Я не спешил… Эрих ждал и, пропустив меня, пошёл сзади, насвистывая: «Марианна, хаст ду блонде хааре…», подталкивая меня в спину своей проклятой тросточкой.
Никелированная, тонкая, не толще шомпола, она оставляла кровавые отметины на головах и спинах пленных.
Эрих зря не придёт. Нетрудно догадаться, куда вёл меня Косой. Я видел вопросительные, тревожные взгляды пленных. Многие отворачивали лица.
Мне показалось, что Андрей безнадёжно махнул рукой, когда я проходил мимо.
Асфальтовый дворик окружён высоким каменным забором. Я посмотрел на небо: по нему плыли лёгкие облака, настоящие летние. Может быть, они плывут из Москвы?
В аккуратном домике чистый, будто в больнице, коридор. В конце – дверь. Вот туда-то и втолкнул меня Эрих.
За столом сидел Беккер. Он был хорошо выбрит и, как всегда, в перчатках. Его тонкие губы на худом бабьем лице плотно сжаты.

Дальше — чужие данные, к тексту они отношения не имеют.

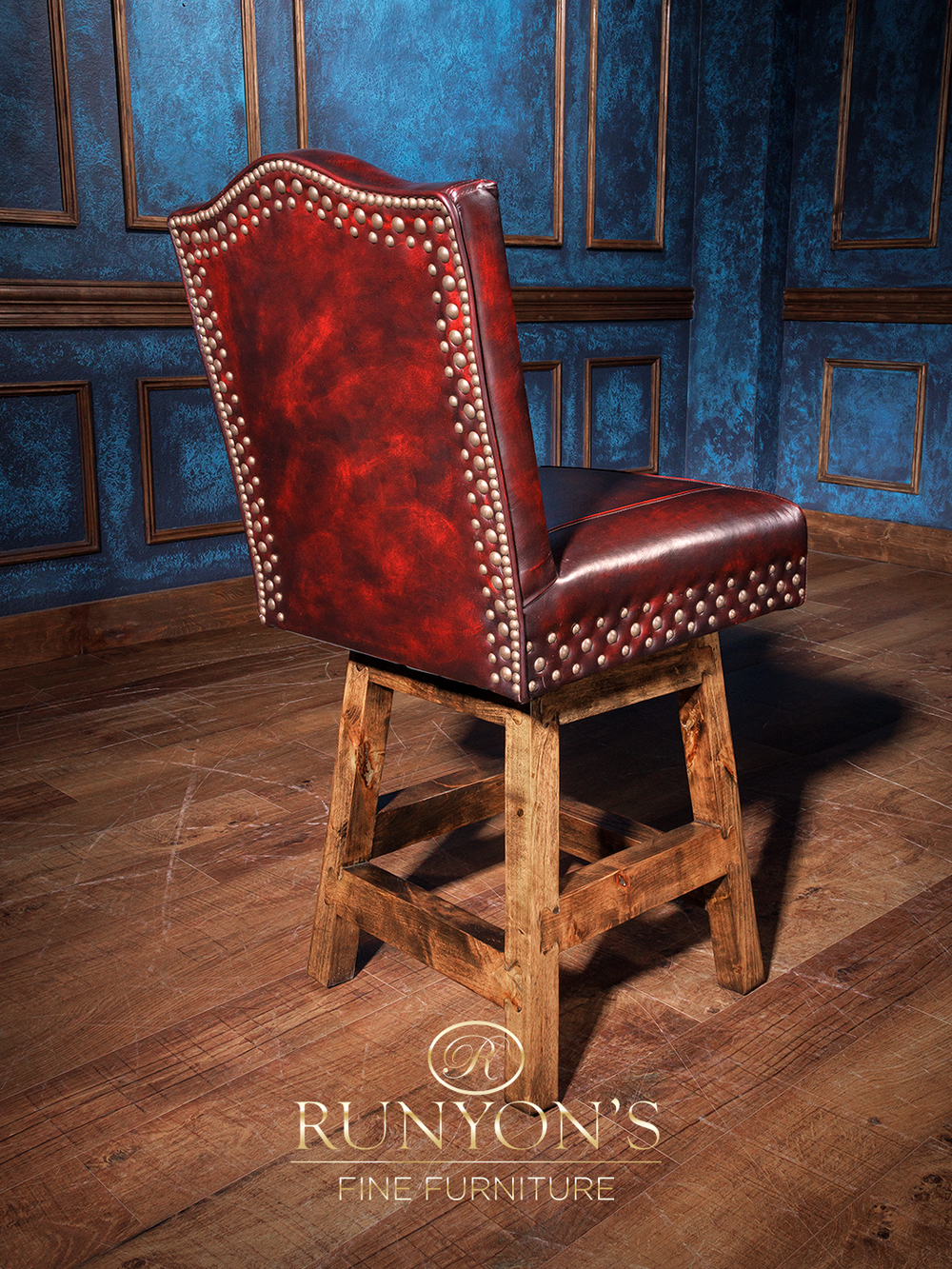 Handmade in Texas, this barstool features sturdily squared hard lines in its base, handcrafted from Knotty Alder for strength and durability. A complete 360-degree ball-bearing swivel mechanism allows for smooth rotation and easy interaction. Built to withstand the wear and tear of everyday use, the comforting feel of the leather and molded seat shape offer a uniquely authentic experience.

Беккер молчал. Я не смотрел на него, и, по-моему, он не смотрел на меня. В комнате был стол, два стула и лампочка над дверью – вот и всё. Дверь двойная, обита клеёнкой.
Я смотрел в угол, вправо от Беккера.
Крепко сжал зубы, унимая противную дрожь.
Вдруг он встал, прошёлся по комнате и остановился близко, почти касаясь меня твёрдой кобурой пистолета на ярко-жёлтом блестящем ремне.
– Я имею три вопрос… Ерст: дилинбургский завод три дня не работал для фронт. Кто сломал машин на электростанции? Цвайте: кто и чем делаль ключ от дверь? Дритте: расскажешь всё, получишь у шеф-кох Ивальд большой круглый котелок картошки и кусок колбаса. У меня есть сведений – ты всё знаешь.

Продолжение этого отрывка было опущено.